Records from a collection:
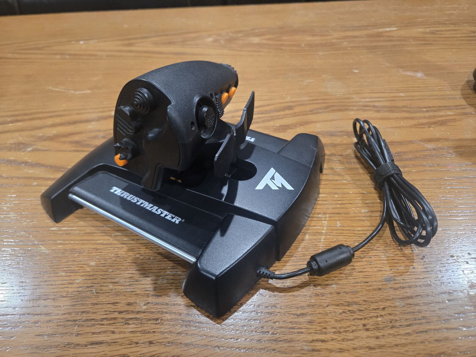 ZelleUsed HOTAS set with included rubber hand rests for the stick to reverse side. All buttons work, throttle and stick twist jump when moving the axis. No box or other accassories included.
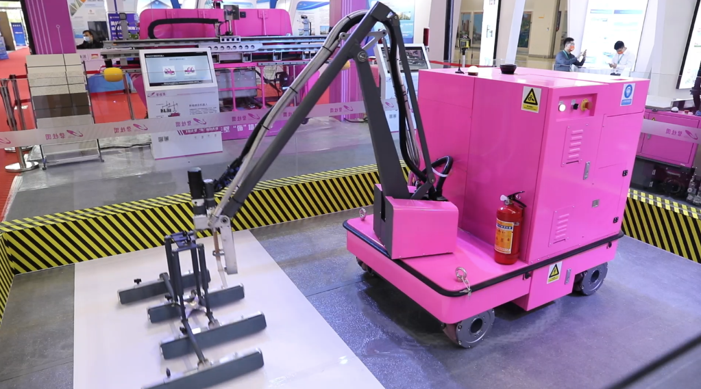 在一家企業(yè)的展區里,一臺粉紅色機器人正在進(jìn)行模擬作業(yè)。這是企業(yè)開(kāi)發(fā)的地坪漆涂敷機器人。在它的旁邊,還有外墻噴涂機器人、膩子涂敷機器人等。
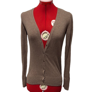 This Old Navy cardigan in a warm brown shade features a classic V-neck and a fine knit texture, ideal for layering in cooler weather. Its slim fit offers a sleek silhouette, making it a versatile piece for any wardrobe.
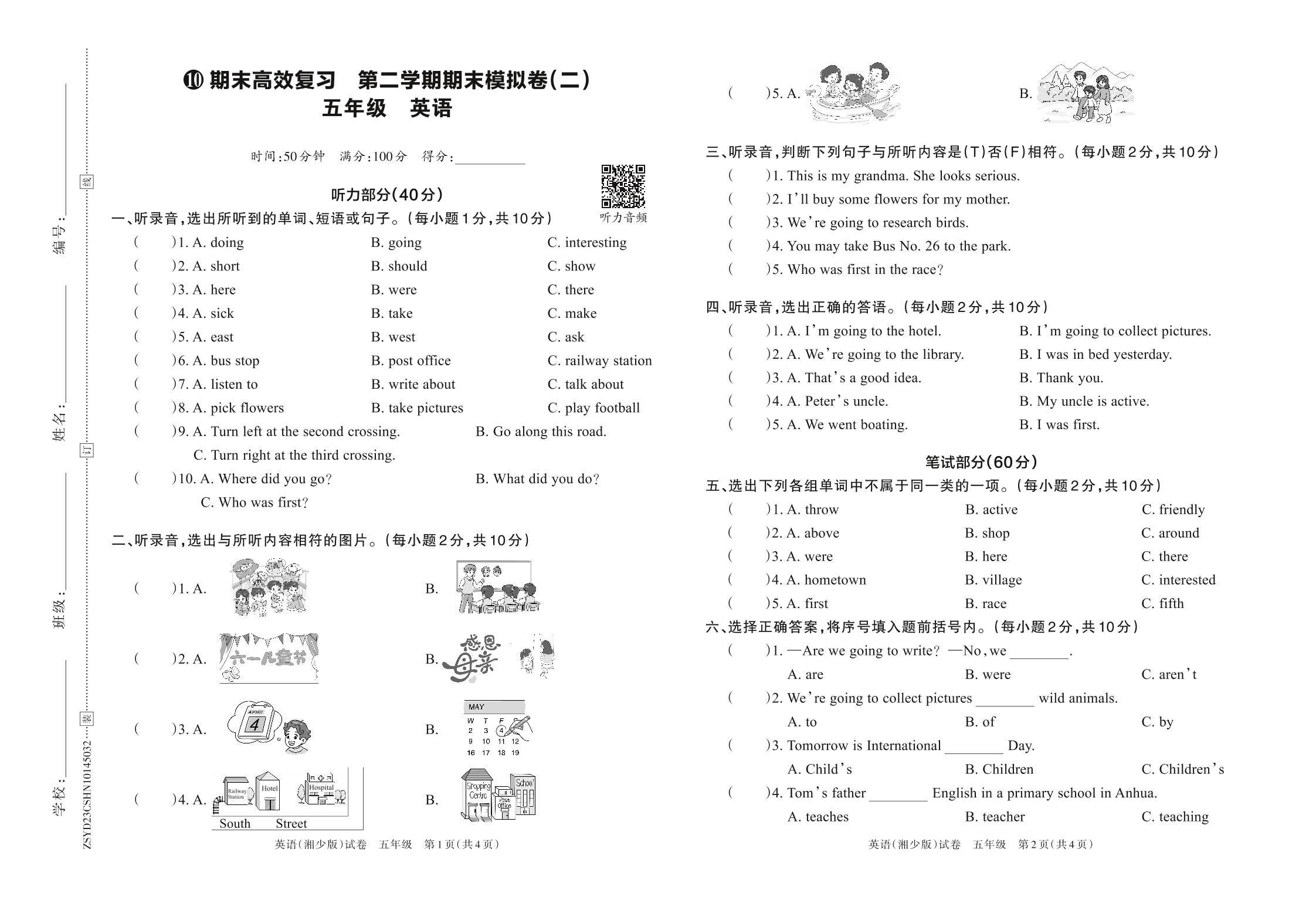 2023年春下册五年级英语湘少版 期末高效复习 第二学期期末模拟卷(二)
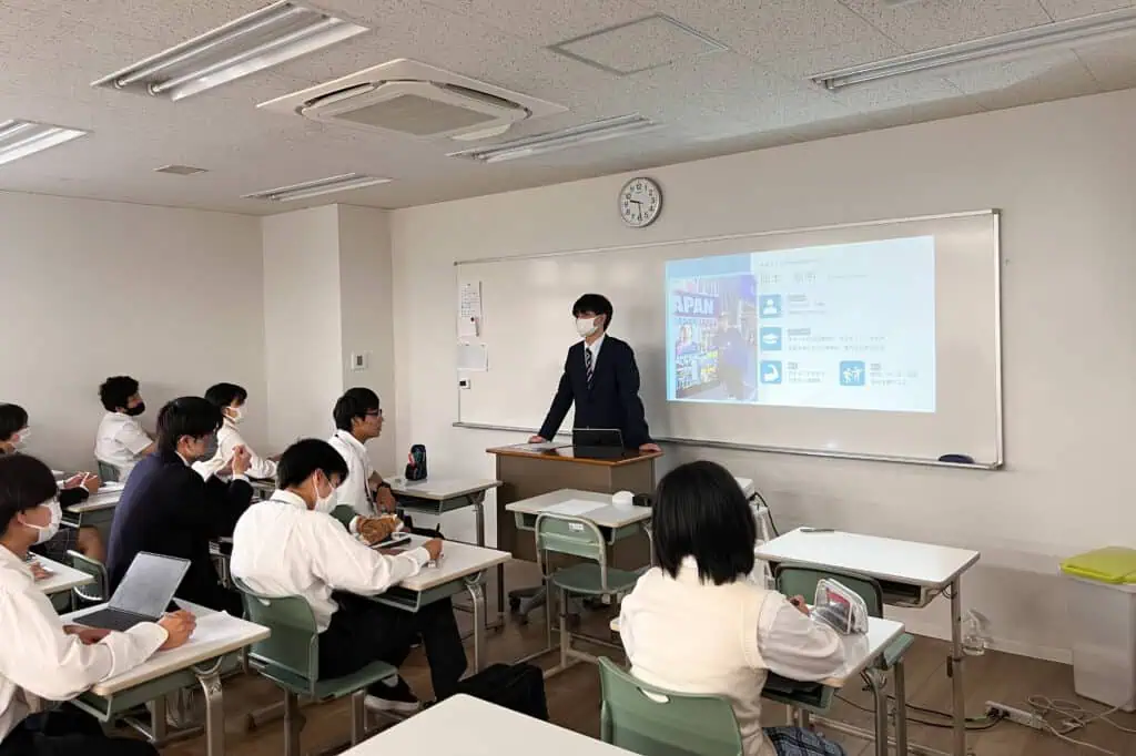 大学授業の一環で実現した今回の特別講義ですが、年齢が近いからこその生徒が楽しめる、そして、分かりやすい表現で法律についての説明をしてくれました。

• EXERCISE INSTRUCTIONS
Your reply should restate the data above word for word and contain no pictures.

• WORKED SOLUTION
 ZelleUsed HOTAS set with included rubber hand rests for the stick to reverse side. All buttons work, throttle and stick twist jump when moving the axis. No box or other accassories included.
 在一家企業(yè)的展區里,一臺粉紅色機器人正在進(jìn)行模擬作業(yè)。這是企業(yè)開(kāi)發(fā)的地坪漆涂敷機器人。在它的旁邊,還有外墻噴涂機器人、膩子涂敷機器人等。
 This Old Navy cardigan in a warm brown shade features a classic V-neck and a fine knit texture, ideal for layering in cooler weather. Its slim fit offers a sleek silhouette, making it a versatile piece for any wardrobe.
 2023年春下册五年级英语湘少版 期末高效复习 第二学期期末模拟卷(二)
 大学授業の一環で実現した今回の特別講義ですが、年齢が近いからこその生徒が楽しめる、そして、分かりやすい表現で法律についての説明をしてくれました。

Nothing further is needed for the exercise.